Радуясь, что мать больше не серчает, Антошка начинает тараторить, как будто молчала целую вечность.
– А Скамейка никогда не лает! Урчит, как батарея теплая, и смотрит ласково. Хитрющаяяя! Так и подлизывается, чтоб дали какой-нибудь вкуснятинки. А дадут: сразу не ест – обнюхает и бежит прятать. Прям, как Ленка Маныкина.
– Что ж твоя Ленка, как собака, зарывает еду в землю, что ль?
– Не, она не зарывает, а под подушку прячет, а потом в тихий час ест под одеялом. Уж ругали ее ругали, а она все ест.
Сараи остаются позади. Антошка веселеет, забывает про материнские окрики и опять возвращается к интересующей ее теме:
– Мам, а что такое красота?
–Дожили, – говорит мать обескураженно, – сама-то, небось, не догадываешься?
– Догадываюсь, но не шибко...
Мать несколько секунд сосредоточено думает, а потом не без сомнения говорит:
– Мне, кажется, красота – это все, что дает радость. Солнце, вот, выйдет из-за тучи, и все вокруг обрадуется – снег заблестит, воробьи зачирикают, люди заулыбаются, особенно, если выходной.
– Мам, а Скамейка красивая?
Мать озадаченно и серьезно отвечает:
– А сама-то, как считаешь?
– Выходит, что красивая, потому что, когда она смотрит на меня, как самый настоящий верный пес, я радуюсь. А мальчишки говорят, что она дворняга кривоногая и камнями в нее пуляют.

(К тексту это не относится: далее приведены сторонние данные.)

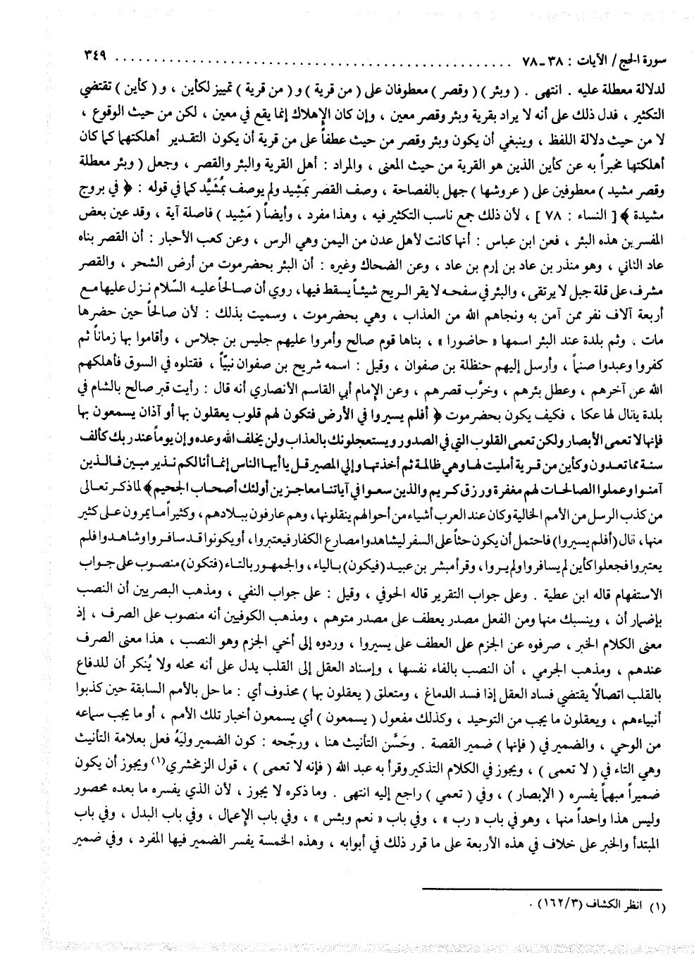 ( وَبِئْرٍ ( ) وَقَصْرٍ ( معطوفان على ) مِن قَرْيَةٍ ( ) وَمِنْ قَرْيَةٌ ( تمييز لكأين ، ( وَكَأَيّن ( تقتضي التكثير ، فدل ذلك على أنه لا يراد بقربه وبئر وقصر معين ، وإن كان الإهلاك إنما يقع في معين لكن من حيث الوقوع لا من حيث دلالة اللفظ ، وينبغي أن يكون ) بئر ( ) مُّعَطَّلَةٍ وَقَصْرٍ ( من حيث عطفاً على ) مِن قَرْيَةٍ ( أن يكون التقدير أهلكتهما كما كان أهلكتها مخبراً به عن ) كأين ( الذي هو القرية من حيث المعنى . والمراد أهل القرية والبئر والقصر ، وجعل ) عُرُوشِهَا وَبِئْرٍ مُّعَطَّلَةٍ وَقَصْرٍ مَّشِيدٍ ( معطوفين على ) عُرُوشِهَا ( جهل بالفصاحة ووصف القصر بمشيد ولم يوصف بمشيد كما في قوله في ) بُرُوجٍ مُّشَيَّدَةٍ ( لأن ذلك جمع ناسب التكثير فيه ، وهذا مفرد وأيضاً ) مَّشِيدٍ ( فاصلة آية .

Пока мать сопоставляет неказистый облик кудлатой, вислозадой на кривых ножках дворняги с понятием красоты, дочь думает о своем и неожиданно спрашивает:
– Мам, а папа был красивый?
– Ну что ты заладила?, – стонет мать, – красивый, как мерин сивый... слишком даже.
– А что же он нас бросил?
Мать отвечает уже с явным сарказмом.
– А это, чтобы мы с тобой больше радовались. Вот мы живем себе, никто нам не мешает – мы и рады.
Антошке ответ кажется вполне логичным. Она продолжала бы еще мучить мать вопросами, если бы из- за слегка позванивающих сосульками деревьев не забрезжил тусклый свет, и из темноты не выплыла бы кирпичная громадина общественной бани номер один.
Баня старая и напоминает все прочие постройки в городе: фабрики, заводы, казармы, школы, больницы. Все они мрачные, приземистые, на века выстроенные из красного, почерневшего кирпича. Все издают шум, шапкой висящий над городом, но из всех из них, вкусно пахнет только баня. Фабрики пахнут горячей хлопковой пылью и станочной смазкой, казармы – скандалами, клопами и уборными, химзавод, где работает мама, – тухлыми яйцами, больницы – лекарствами и винегретом, а вот баня – чем-то совсем особенным, чем ничто на свете больше не пахнет. Антошка, вообще-то, в баню ходить не любит, вернее побаивается, но вот банный дух обожает, и уже на подходах начинает принюхиваться.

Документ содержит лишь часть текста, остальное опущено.